Especially in computer vision and natural language processing (NLP), deep learning has become the most popular machine learning approach [5]. In parallel, self-supervised learning studies in computer vision have employed CNNs. Figure 2 shows the knowledge transfer from a self-supervised training to a supervised one in a deep learning setting. We save convolutional layers which are assumed to produce learned representations. We change/add fully connected layers, place a classifier head and train with the limited amount of labeled data for a downstream task like image classification or object detection.
Figure 2.
A model is first trained with a pretext task with unlabeled data, then fine-tuned on the downstream task with limited amount of labeled data. Usually convolution layers, which are mostly responsible of learning representations, are transferred. A few fully-connected layers towards the end are changed or retrained.
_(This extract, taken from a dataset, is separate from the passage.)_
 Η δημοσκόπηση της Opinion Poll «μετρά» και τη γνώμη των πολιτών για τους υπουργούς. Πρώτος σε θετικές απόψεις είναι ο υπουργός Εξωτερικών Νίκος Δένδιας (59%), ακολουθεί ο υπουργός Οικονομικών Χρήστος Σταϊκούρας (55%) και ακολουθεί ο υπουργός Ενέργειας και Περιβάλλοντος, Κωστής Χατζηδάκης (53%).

The remainder of this chapter is structured as follows. Pretext tasks that are common in literature are reviewed in Section 2. Section 3 has detailed information about recent self-supervised learning models that use Siamese architectures. Section 4 provides our own experimental study where self-supervised contrastive learning is employed to learn representations of semantic segmentation masks, which is followed by the conclusions in Section 5.
Image Distortion. We expect that when an image goes through a small amount of distortion, its semantic meaning does not change. Dosovitskiy et al. [6] used this idea to create a exemplar-based classification task, where a surrogate class is formed with each dataset sample by applying a variety of transformations, namely translation, scaling, rotation, contrast and color (Figure 3). When this approach is applied to whole image instances, it can be called as ‘instance discrimination’ [7], where augmented versions of the same image (positive pair) should have similar representations and augmented versions of the different images (negative pair) should have different representations.
Figure 3.
Several random transformations applied to a patch from the unlabeled dataset to be used for self-supervised learning. Original sample is in top-left. The idea was first used by [6] and the figure is from the original paper with author’s permission.
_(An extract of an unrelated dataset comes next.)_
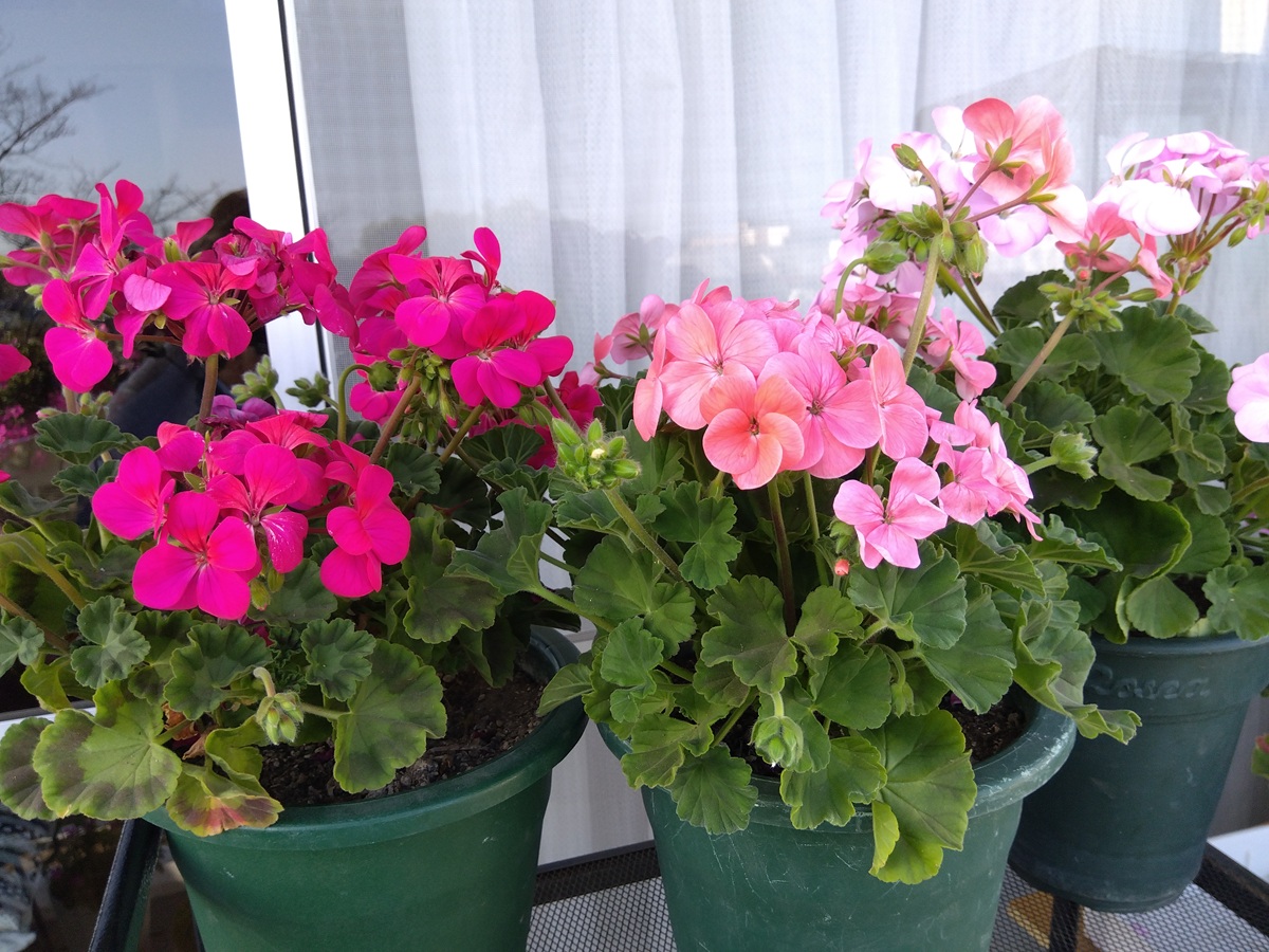 ゼラニウム 四季咲き性で適温ならば、一年中咲き、一重咲から八重咲まである

This is not only one of the first pretext tasks but also a very popular one. We will see in Section 3 that the mentioned type of augmentations have succeeded in learning useful representations and have achieved state-of-the-art results in transfer learning for downstream computer vision tasks.
Image Rotation. Each input image is first rotated by a multiple of 90° at random. A model is trained to predict the amount of rotation applied [8]. In basic setting, it is a 4-class classification problem, but different versions can be conceived. To estimate the amount of rotation, this pretext task forces the model learn semantic parts of objects, such as arms, legs, eyes. Thus, it would serve well for a downstream task like object recognition (Figure 4).
Figure 4.
Self-supervised representation learning by rotating input images, implemented in [8]. The model classifies the rotation [0°, 90°, 180°, 270°].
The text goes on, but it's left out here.